With the material below, print exactly the lines between the line holding "Aiuela personalizzata su" and the line holding "Ognuna di queste", inclusive. Add nothing else.

DATASET EXCERPTS —
____
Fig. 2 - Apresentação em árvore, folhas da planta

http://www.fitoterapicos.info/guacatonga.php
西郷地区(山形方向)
____
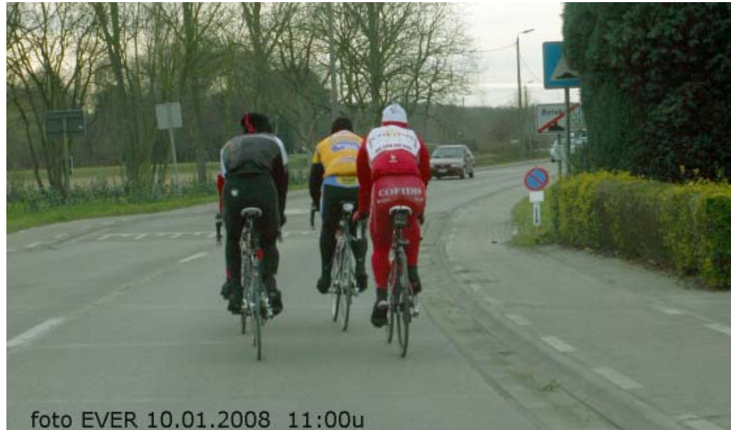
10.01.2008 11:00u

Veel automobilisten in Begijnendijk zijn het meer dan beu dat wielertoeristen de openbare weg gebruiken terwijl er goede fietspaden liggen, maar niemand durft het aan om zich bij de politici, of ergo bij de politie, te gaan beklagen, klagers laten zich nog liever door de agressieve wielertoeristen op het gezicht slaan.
____
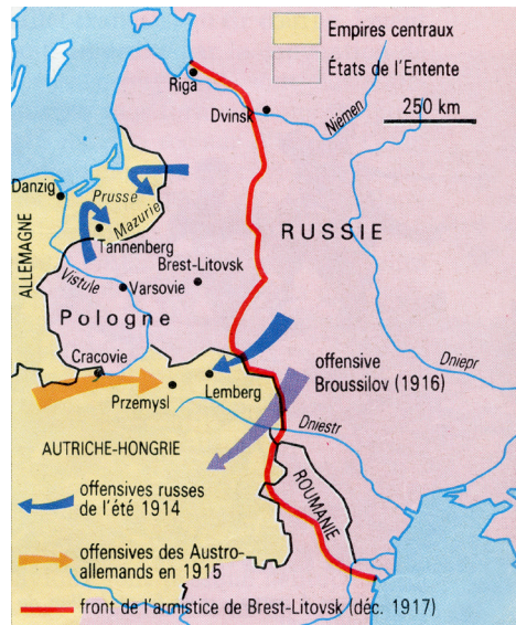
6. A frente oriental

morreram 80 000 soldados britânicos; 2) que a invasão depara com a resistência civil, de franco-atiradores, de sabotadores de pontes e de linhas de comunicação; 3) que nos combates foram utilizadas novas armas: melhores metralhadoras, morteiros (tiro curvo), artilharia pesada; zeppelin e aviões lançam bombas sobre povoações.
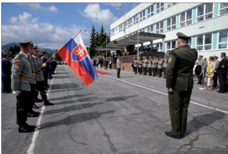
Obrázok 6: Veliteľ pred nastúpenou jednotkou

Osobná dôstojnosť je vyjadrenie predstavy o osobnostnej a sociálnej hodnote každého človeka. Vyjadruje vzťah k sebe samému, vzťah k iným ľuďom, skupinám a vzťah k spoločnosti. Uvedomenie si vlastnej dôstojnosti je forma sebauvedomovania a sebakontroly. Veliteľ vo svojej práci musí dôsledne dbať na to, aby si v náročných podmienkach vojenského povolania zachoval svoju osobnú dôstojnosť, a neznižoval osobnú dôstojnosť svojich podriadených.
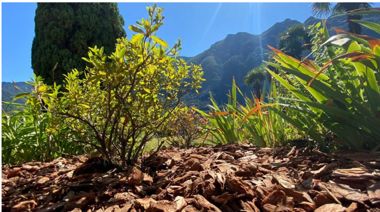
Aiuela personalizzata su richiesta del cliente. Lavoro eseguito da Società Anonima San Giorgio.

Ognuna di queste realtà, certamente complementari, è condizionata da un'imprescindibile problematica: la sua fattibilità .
____
EXPECTED ANSWER —
Aiuela personalizzata su richiesta del cliente. Lavoro eseguito da Società Anonima San Giorgio.

Ognuna di queste realtà, certamente complementari, è condizionata da un'imprescindibile problematica: la sua fattibilità .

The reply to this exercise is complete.